Oversight – remuneration committees
The IFR/IFD require investment firms to establish a remuneration committee except that investment firms with on- and off-balance sheet assets of less than or equal to €100 million over the preceding four-year period will not be required to establish a remuneration committee. The remuneration committee can be established at the group rather than individual level. Where a class 2 investment firm has a remuneration committee, it will be required to establish a gender balanced remuneration committee formed of non-executive directors who are able to exercise competent and independent judgement.
Notably, the IFR/IFD sets a lower quantitative threshold to be met for a remuneration committee to be established. This contrasts with the position under the IFPRU and BIPRU remuneration codes, where only ‘significant’ firms must maintain a remuneration committee. For instance, under IFPRU, firms that have total annual assets exceeding £530 million would be classified as ‘significant’ and therefore required to establish a remuneration committee.
Decisions taken by the remuneration committee in relation to the firm’s remuneration policies and procedures will be required to take into account the public interest and the long-term interests of shareholders, investors and other stakeholders.

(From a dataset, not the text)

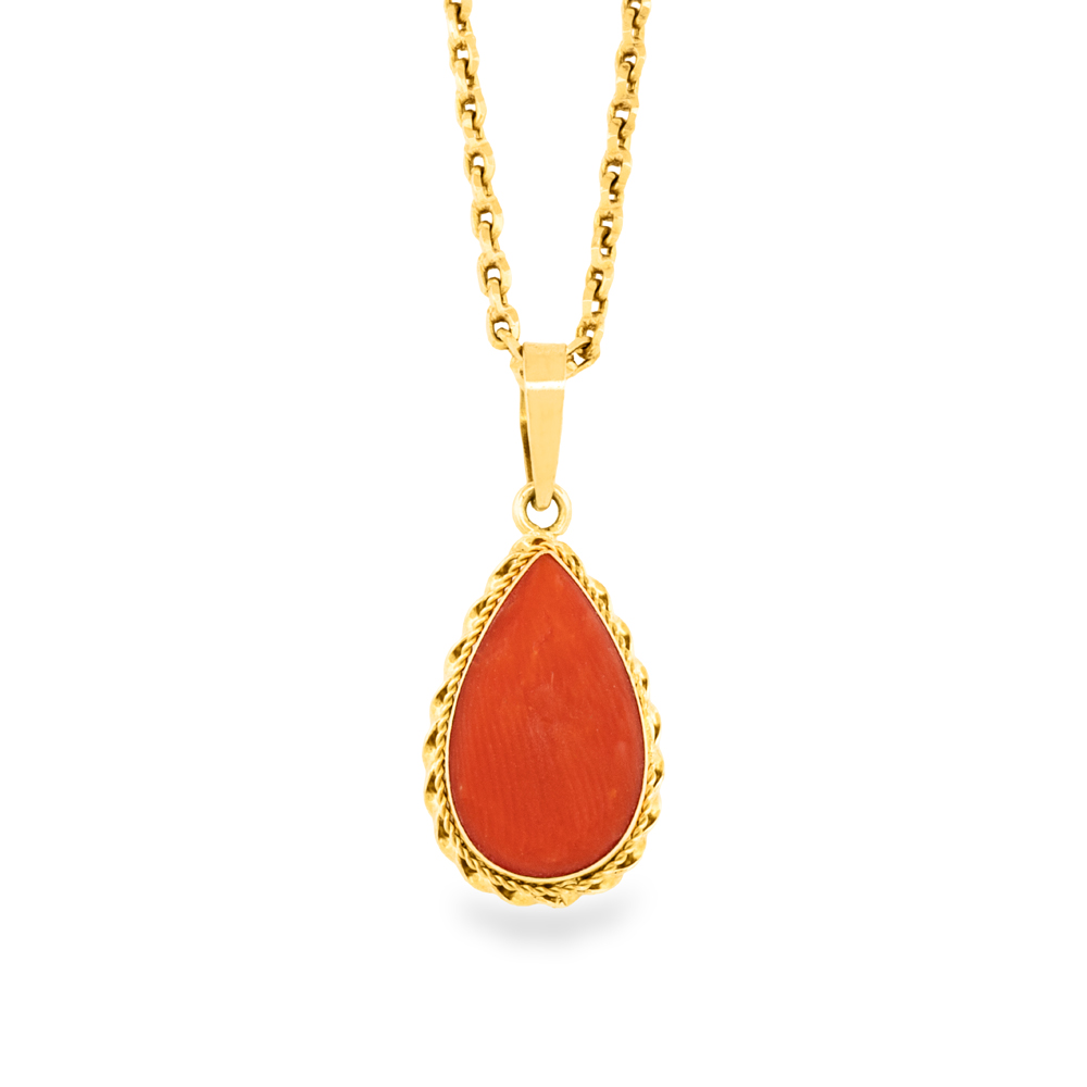 From our one-of-a-kind Estate Collection… An ornate 18k yellow gold pendant, set with a vibrant genuine carnelian gemstone in a twisted rope frame. It has been paired with a striking 18k yellow gold anchor link chain with a lobster clasp.

The remuneration committee will be directly responsible for overseeing the remuneration of senior managers in the risk management and compliance functions. Staff performing these and other controlled functions must be remunerated in accordance with the achievement of objectives linked to their function and should not take into account the performance of the business.

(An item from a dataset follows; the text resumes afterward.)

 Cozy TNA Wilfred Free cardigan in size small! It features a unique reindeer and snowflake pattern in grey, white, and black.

Disclosure and regulatory reporting
To assist the EBA and local regulators in benchmarking remuneration trends and practices, investment firms will be required to publicly disclose and report certain detailed information relating to the remuneration of senior management and risk takers, covering the gender pay gap, the ratio and composition of fixed-to-variable remuneration, deferrals and severance payments.
Further information should be reported on the number of individuals who receive remuneration equal to €1 million or more, as well as information on their job responsibilities, the business area they are involved in and the main elements of their salary, bonus, long-term award and pension contribution.

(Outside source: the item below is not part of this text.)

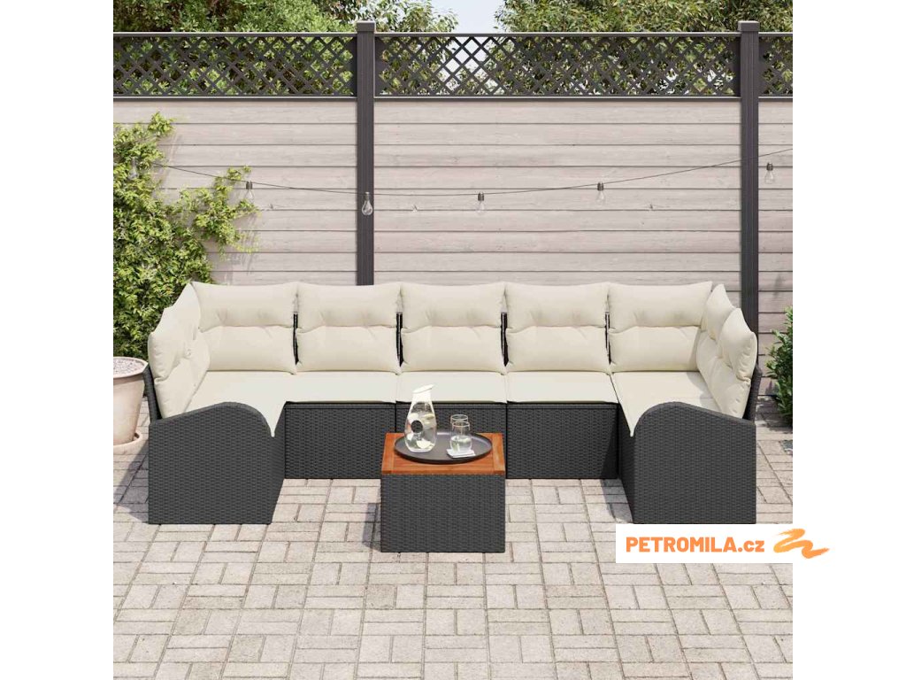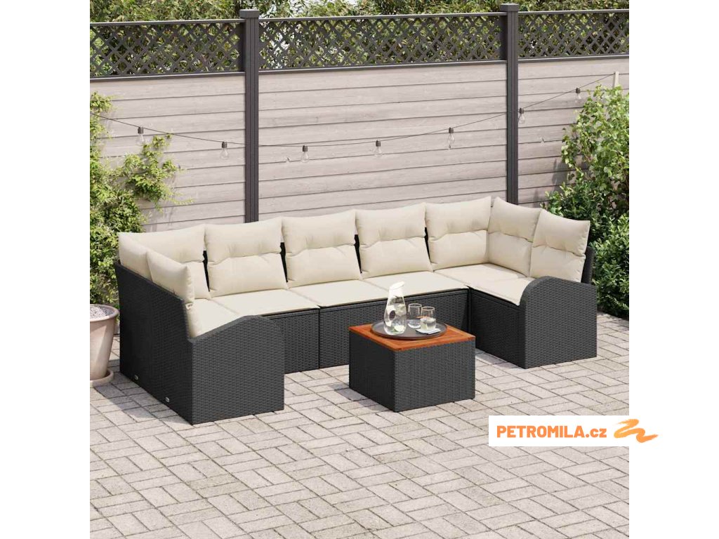 Sada zahradních pohovek s polštářem 8 pcs Černá polyratan

Although the IFR/IFD will come into force after the UK leaves the European Union on 31 December 2020 (i.e., the end of the proposed transitional period, with no extension), HM Treasury intends to take powers to enable the introduction of an updated prudential regime for investment firms in the UK. Public consultations are expected in Q3 2020, subject to any further deferral by the FCA due to the COVID-19 pandemic.
While the full details of the new regime are yet to emerge, there is enough information in the published level 1 text to start planning and modelling for the new regime. Firms should plan to take the following actions:
- Identify which group entities will be affected and whether consolidated supervision may be imposed.
- Determine the relevant class for each firm.
- Identify staff members that are in scope of the remuneration principles.
- Consider how to meet the composition of variable remuneration requirements.
- Determine whether, and for whom, employment terms must be amended.
- Consider whether any disapplications will apply and document the basis of their disapplication.
- Review employee compensation schemes that are currently in place, and which are due to be put into place for any deferred compensation mechanics.
- Review bonus arrangements.
- Determine whether a remuneration committee is required and the extent to which any existing remuneration committee practices, composition and terms of reference must be amended.